Johann Sebastian BACH (1685-1750)
Suites for unaccompanied cello (c.1721)
CD 1
Suite no. 1 in G major (BWV 1007) [19:47]
Suite no. 2 in D minor (BWV 1008) [21:29]
Suite no. 6 in D major (BWV 1012) [29:27]
CD 2
Suite no. 3 in C major BWV 1009 [24:48]
Suite no. 4 in E flat major BWV 1010 [25:04]
Suite no. 5 in C minor BWV 1011 [28:05]
Angela East (baroque cello, England, 1725; 5-stringed cello after Amati, 2000)
rec. François-Bernier Concert Hall, Le Domaine Forget, Saint-Irénée, Canada, May, 2001 (nos.1, 3, 5 and 6) and Troy Savings Bank Concert Hall, New York, February 2004 (nos. 2 and 4). DDD.

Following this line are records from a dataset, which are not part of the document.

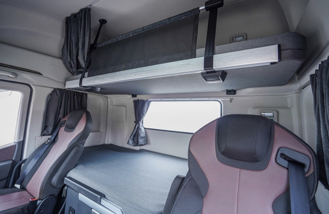 赵师傅开的这款红岩杰狮H6牵引车采用了行业领先的超宽体卧铺设计,材质选用柔软舒适海绵,而且还有支持“睡眠模式”的卧铺控制模块集成灯光,拉上窗帘就能享受个人私密的睡眠空间。此外,这款车搭载全新通风空气超纤皮座椅,拥有调整阻尼、降速、空气腰托、肩部调节等功能,能够很好地舒缓驾驶人的疲惫。加上驾舱NVH性能全面升级,怠速噪声低至50dB,车上睡觉和开车的两个人都能享受静谧舒适空间。
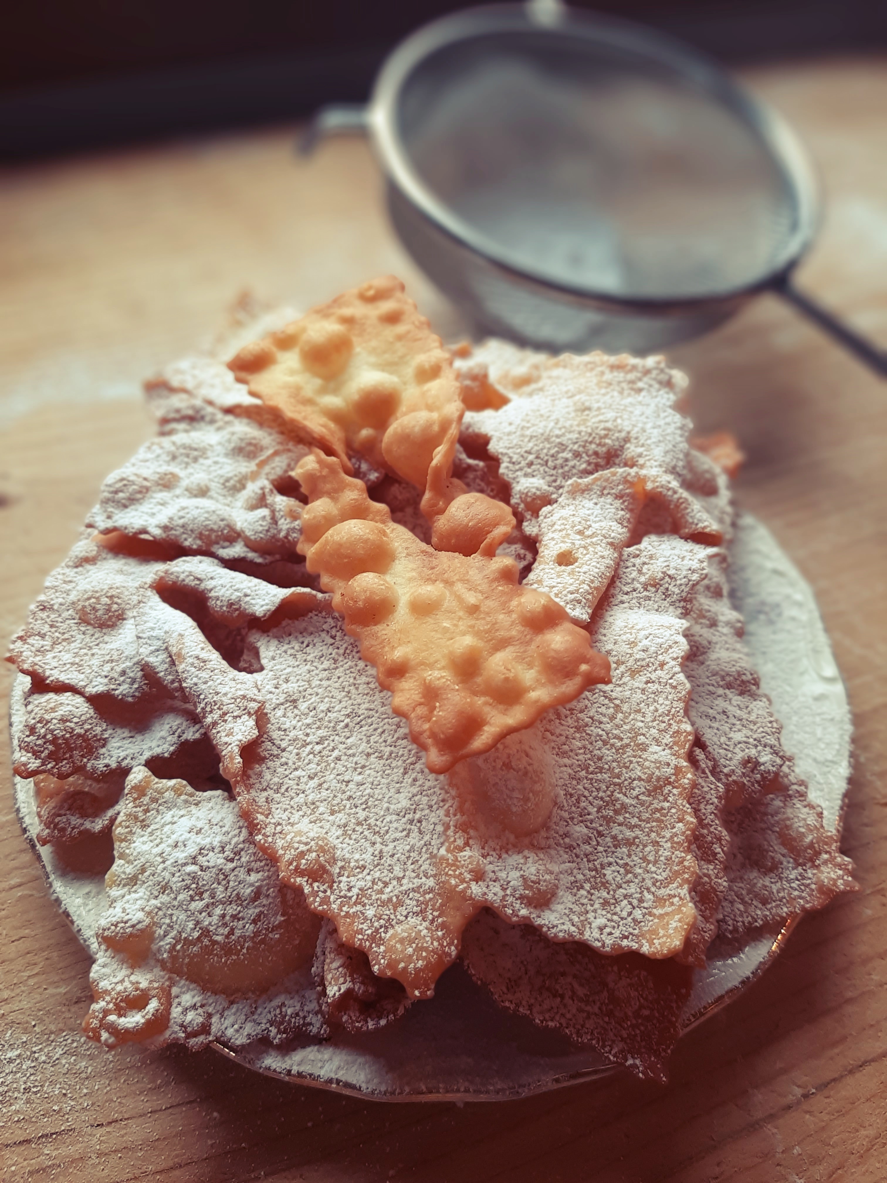 - Fry each chiacchiera for about 20 seconds on one side and slightly less on the other, then drain, transfer to a tray, and dust generously with powdered sugar.
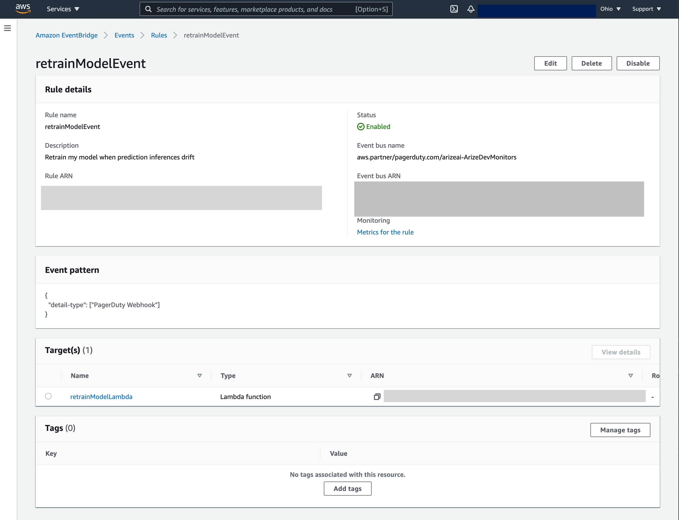 In order to react to Arize’s monitoring events, we need to configure a Lambda function that will parse the incident details and trigger a custom workflow. Below is an example Lambda that can be used as a template when integrating with PagerDuty’s incident event payload:Step 3: Connect EventBridge with your lambda handler

RED PRIEST RECORDINGS RP006 [70:35 + 78:07]
Angela East’s recording of the first Cello Suite has already appeared on an earlier issue from Red Priest Recordings: Baroque Cello Illuminations (RP005). I felt that the earlier CD would be of interest mainly to teachers and students of the cello – see review – but I singled out the recording of Bach first Cello Suite at the end of the recital (trs.22-27) as being of general interest.
I wrote that it augured so well for her complete recording that readers might prefer to wait for that to appear separately. The illuminations of the title are certainly present here, in that she makes music which can sometimes sound merely intellectual and academic genuinely affective. She isn’t the only performer to do so, but her performance deserves to be ranked with the best which, for my money, include Pierre Fournier (DG Archiv 449 7112 or 477 6724, both at lower mid-price) and Paul Tortelier (EMI GROC 5628782, mid-price, or Classics for Pleasure 2283582, budget price).
My colleague Jonathan Woolf was less impressed with the performance of that Suite than with the rest of the programme:
This performance is certainly individualistic. She takes the opening very slowly and I find her phrasing in the Courante unusual – the articulation sounds forced and somewhat unnatural. There’s considerable power in the Gigue finale, but overall idiosyncrasy seeps into this performance. (See review).
Since Baroque Cello Illuminations came my way, I have heard the Steven Isserlis performances on Hyperion (CDA67541/2, full price), which Dominy Clements made Recording of the Month in May 2007 – see review – and listened again to Tortelier’s two recordings, and I have to admit that I do now prefer the Isserlis account of Suite No.1. He offers not just the normal version of the Prelude but also, as an appendix, three alternatives, from the Anna Magdalena MS, the Johann Peter Kellner MS and from the collection of Johann Christoph Westphal. His timings for these versions range from 2:21 to 2:29; Fournier on his classic DGG Archiv recording takes 2:50 and Tortelier 2:31 (1961) or 2:25 (1983). Against that consensus East’s 3:59 does seem extremely slow, yet somehow I still think that the tempo just about works – deliberate, without seeming laboured.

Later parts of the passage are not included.